### Records for the task:

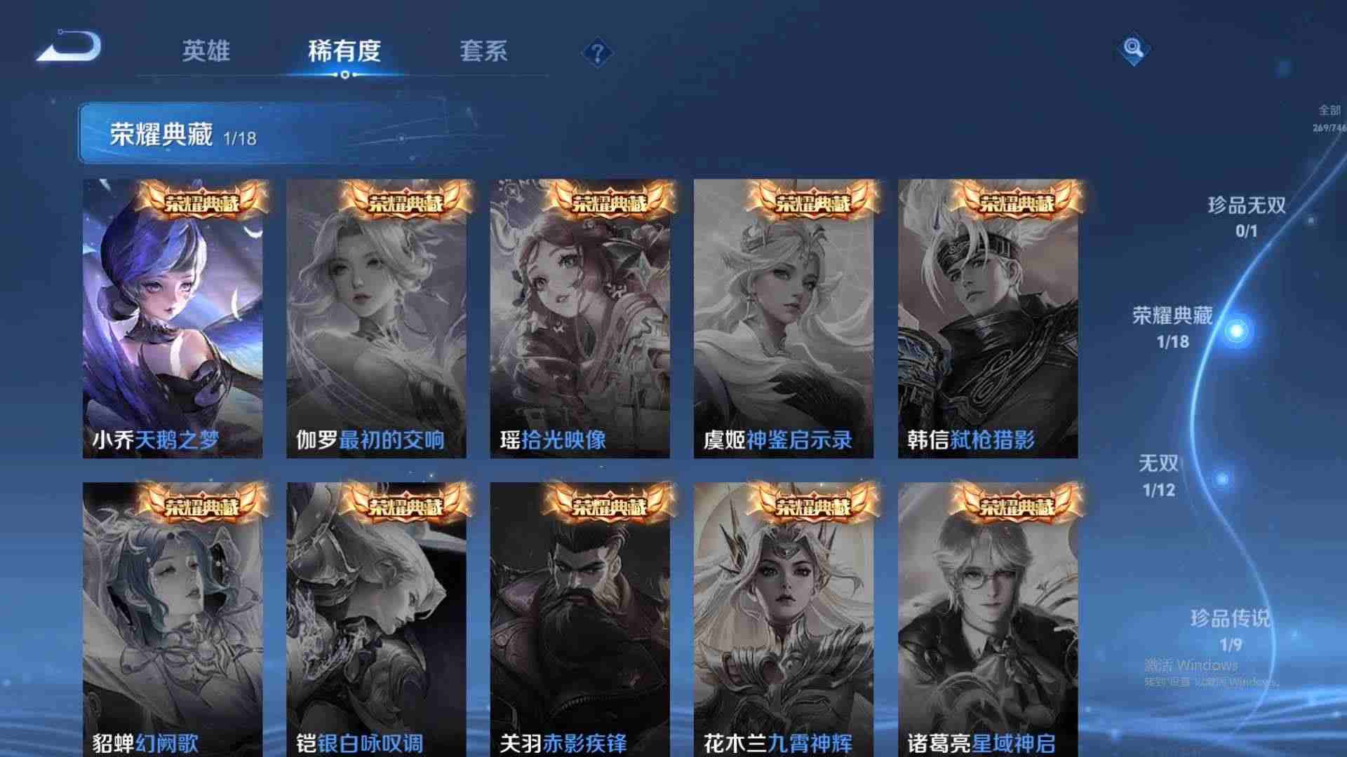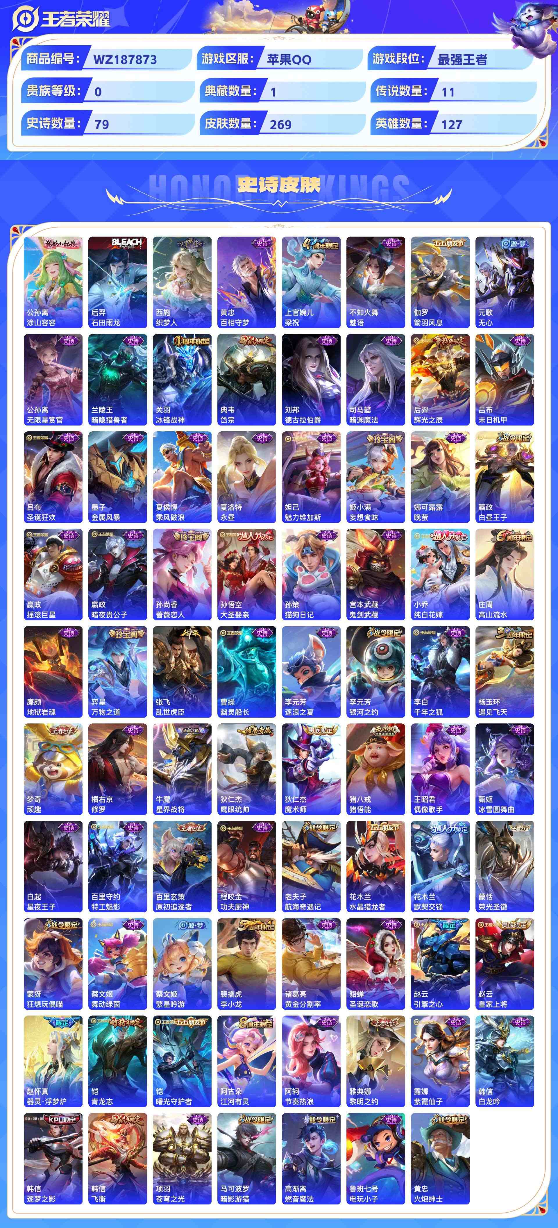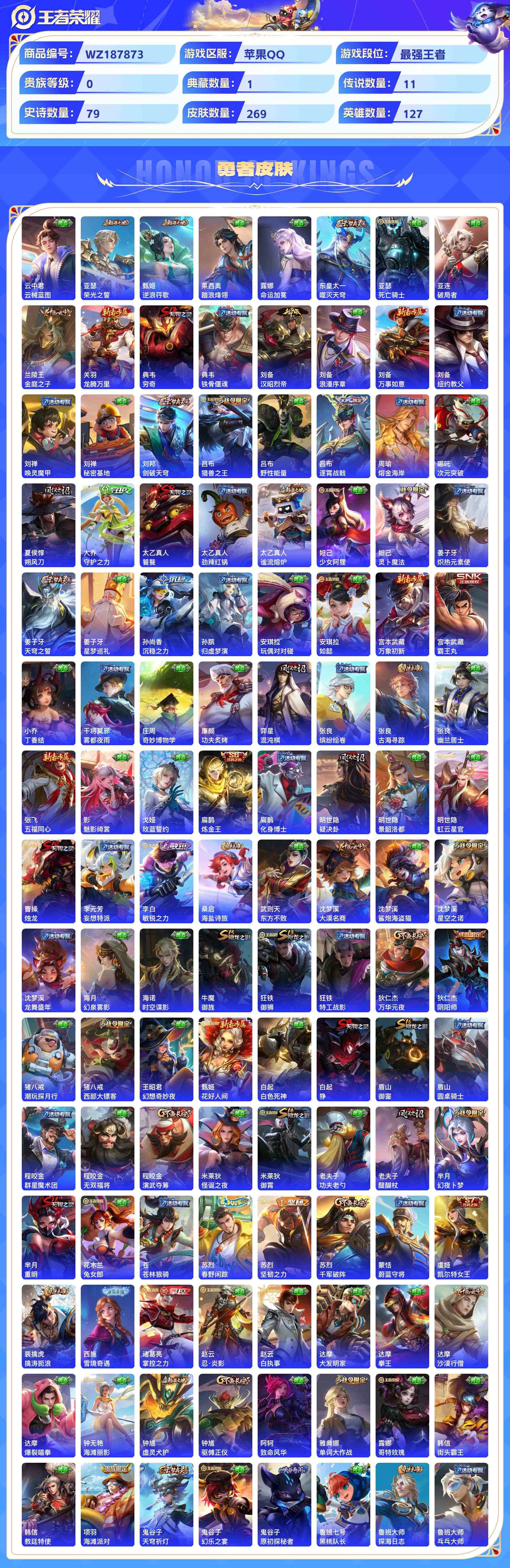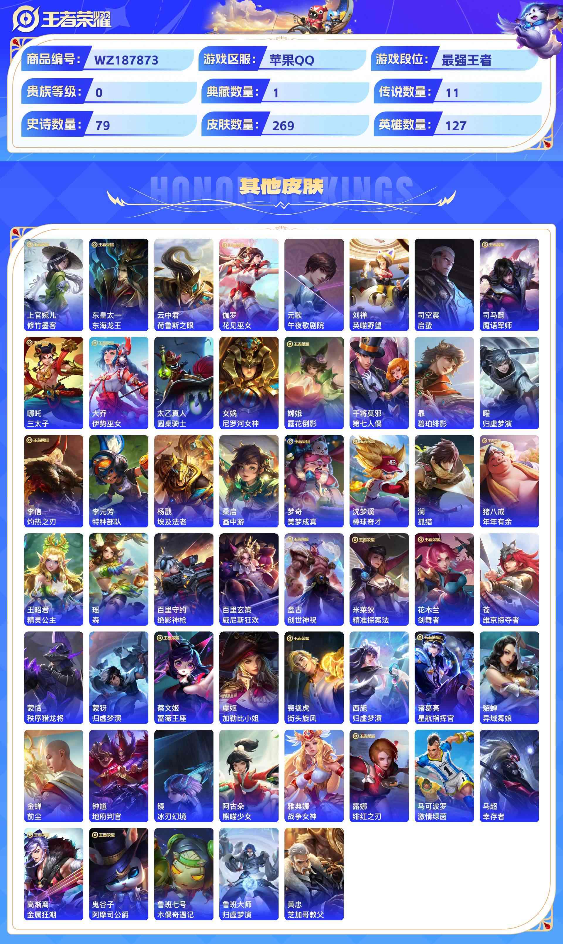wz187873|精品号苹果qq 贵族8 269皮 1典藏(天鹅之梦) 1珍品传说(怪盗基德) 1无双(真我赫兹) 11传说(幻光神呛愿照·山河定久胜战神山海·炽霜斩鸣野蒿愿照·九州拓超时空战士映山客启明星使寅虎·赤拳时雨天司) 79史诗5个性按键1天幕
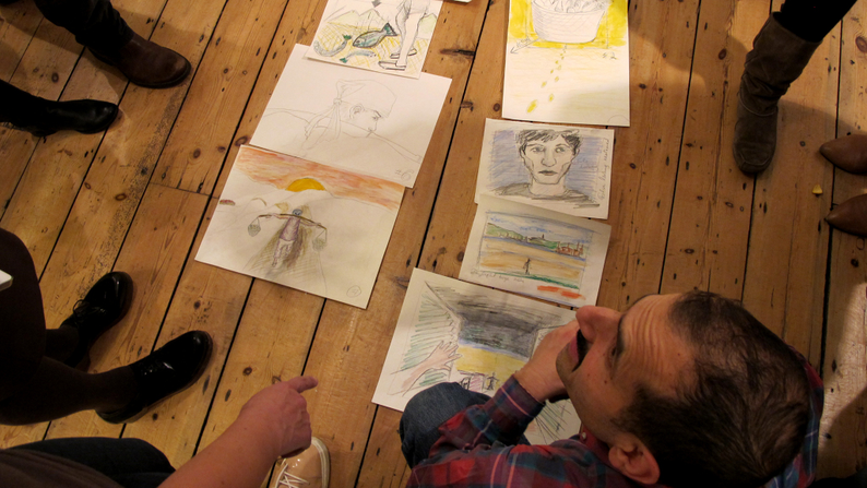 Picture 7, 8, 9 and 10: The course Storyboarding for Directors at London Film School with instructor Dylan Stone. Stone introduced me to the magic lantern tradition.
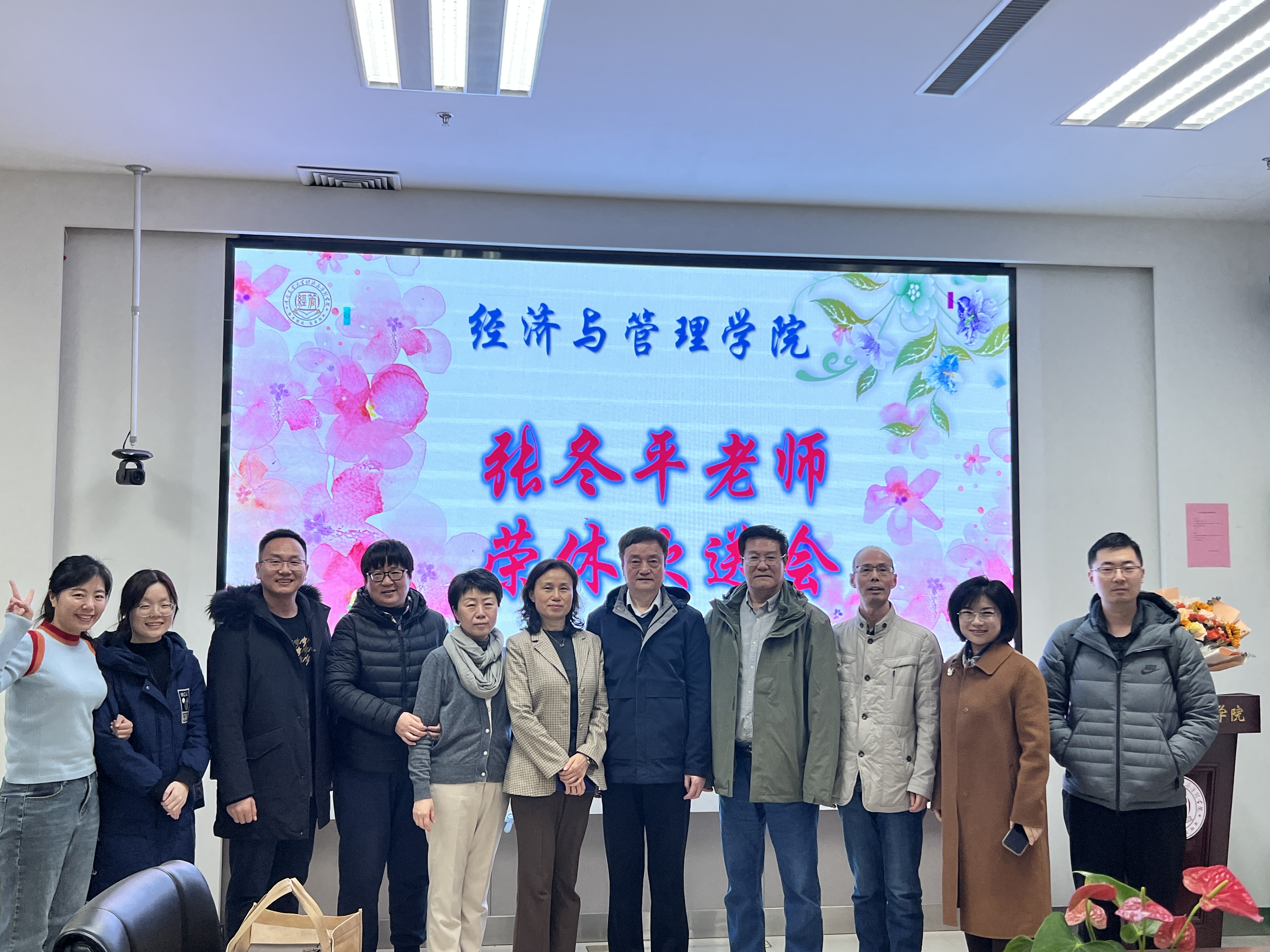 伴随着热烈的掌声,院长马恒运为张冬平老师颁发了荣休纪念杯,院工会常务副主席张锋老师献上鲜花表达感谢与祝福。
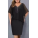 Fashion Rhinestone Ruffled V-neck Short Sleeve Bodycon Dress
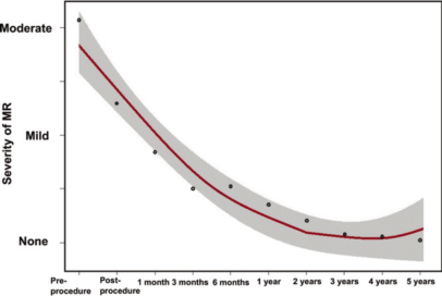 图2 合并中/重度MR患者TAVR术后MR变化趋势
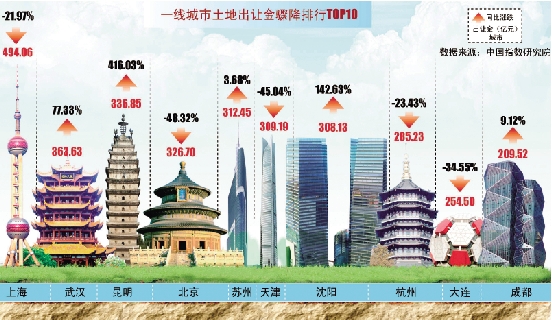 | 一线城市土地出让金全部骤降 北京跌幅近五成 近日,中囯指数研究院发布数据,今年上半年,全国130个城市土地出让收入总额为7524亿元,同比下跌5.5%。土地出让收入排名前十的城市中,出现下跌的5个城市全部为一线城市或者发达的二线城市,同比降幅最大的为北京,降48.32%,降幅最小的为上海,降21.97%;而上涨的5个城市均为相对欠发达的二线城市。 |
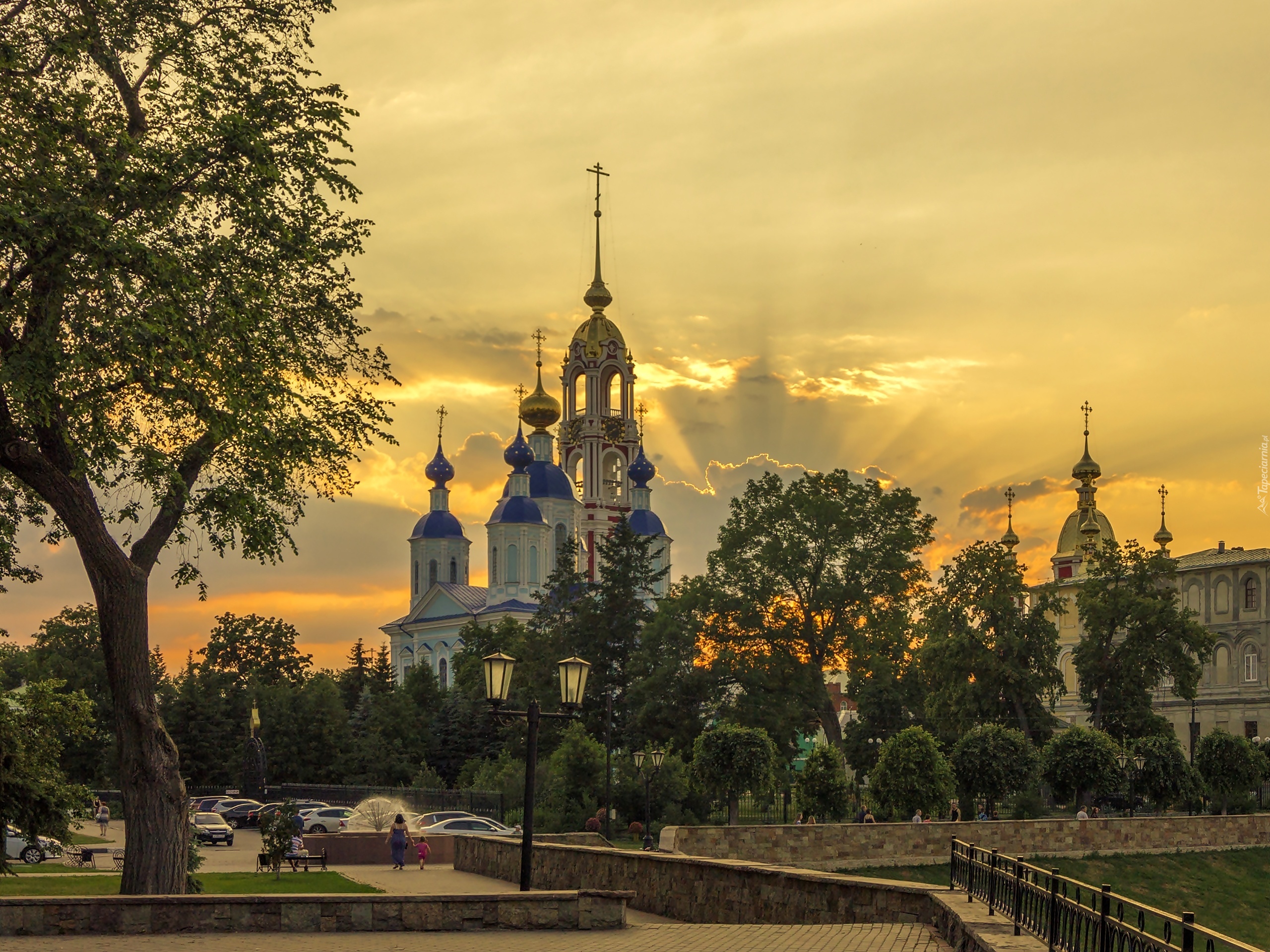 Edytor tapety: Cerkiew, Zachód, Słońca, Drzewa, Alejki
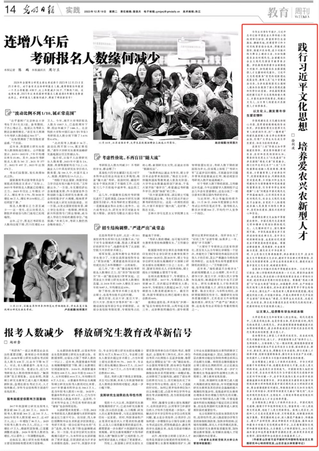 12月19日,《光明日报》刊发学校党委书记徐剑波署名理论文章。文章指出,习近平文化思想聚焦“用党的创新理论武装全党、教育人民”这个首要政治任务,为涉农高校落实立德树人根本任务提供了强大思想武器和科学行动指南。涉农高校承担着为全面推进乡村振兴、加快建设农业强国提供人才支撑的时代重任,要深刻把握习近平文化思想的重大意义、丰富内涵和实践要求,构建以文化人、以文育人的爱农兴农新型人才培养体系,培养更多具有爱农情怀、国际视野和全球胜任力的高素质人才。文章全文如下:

### Task to carry out:
Locate "Edytor tapety: Cerkiew, Zachód, Słońca, Drzewa, Alejki" in the listing above, then print exactly the lines from that line through the final one, omitting all pictures.

### Result of the task:
 Edytor tapety: Cerkiew, Zachód, Słońca, Drzewa, Alejki
 12月19日,《光明日报》刊发学校党委书记徐剑波署名理论文章。文章指出,习近平文化思想聚焦“用党的创新理论武装全党、教育人民”这个首要政治任务,为涉农高校落实立德树人根本任务提供了强大思想武器和科学行动指南。涉农高校承担着为全面推进乡村振兴、加快建设农业强国提供人才支撑的时代重任,要深刻把握习近平文化思想的重大意义、丰富内涵和实践要求,构建以文化人、以文育人的爱农兴农新型人才培养体系,培养更多具有爱农情怀、国际视野和全球胜任力的高素质人才。文章全文如下:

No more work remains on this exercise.